* [Data in this exercise]
= = = = =
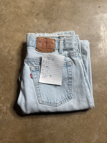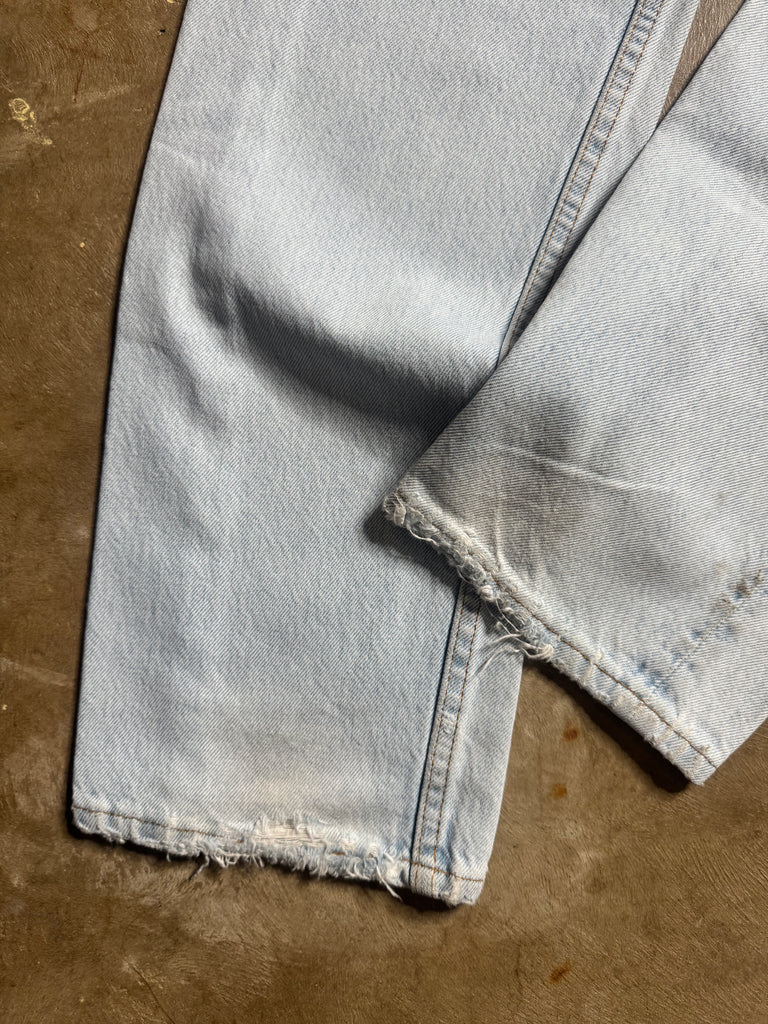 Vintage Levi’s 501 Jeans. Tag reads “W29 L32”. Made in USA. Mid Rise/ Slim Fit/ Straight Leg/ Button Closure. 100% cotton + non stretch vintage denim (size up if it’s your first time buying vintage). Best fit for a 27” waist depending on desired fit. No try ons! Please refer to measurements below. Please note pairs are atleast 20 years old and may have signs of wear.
= = = = =
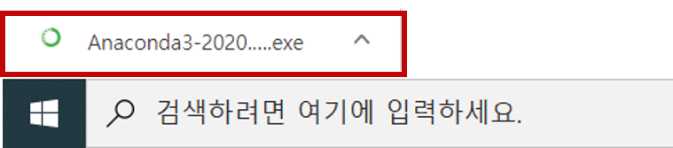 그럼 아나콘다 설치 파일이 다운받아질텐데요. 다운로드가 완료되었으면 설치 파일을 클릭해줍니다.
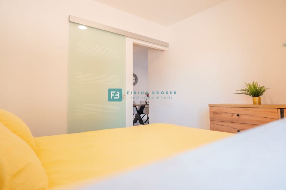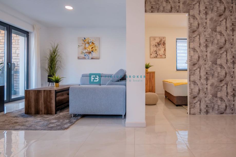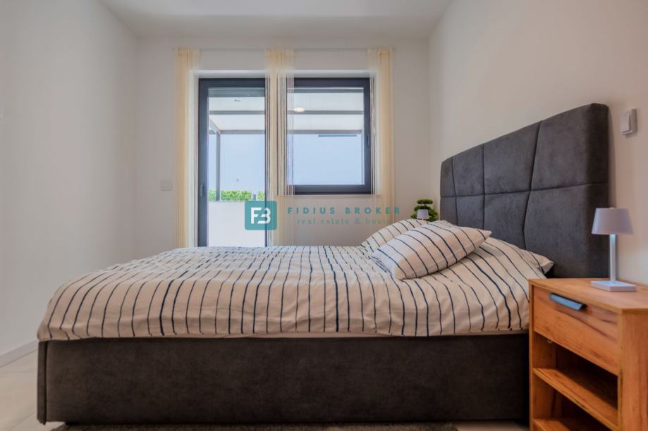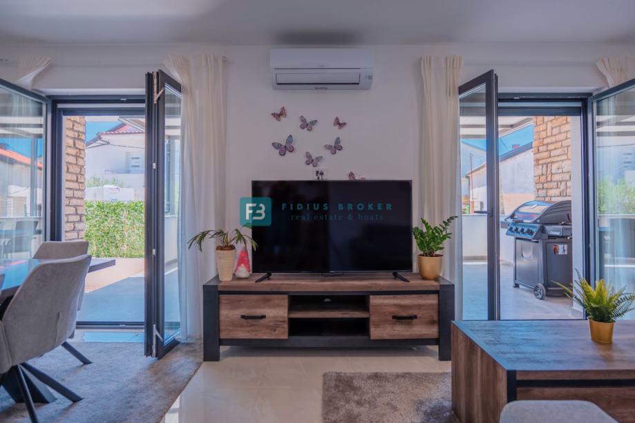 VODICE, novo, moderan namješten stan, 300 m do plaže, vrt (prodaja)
= = = = =
* [Problem]
Reproduce, exactly and only, the lines of the records above starting at the line with "그럼 아나콘다 설치 파일이" and ending at the line with "VODICE, novo, moderan", both included. Leave every picture out.

* [Output for this task]
 그럼 아나콘다 설치 파일이 다운받아질텐데요. 다운로드가 완료되었으면 설치 파일을 클릭해줍니다.
 VODICE, novo, moderan namješten stan, 300 m do plaže, vrt (prodaja)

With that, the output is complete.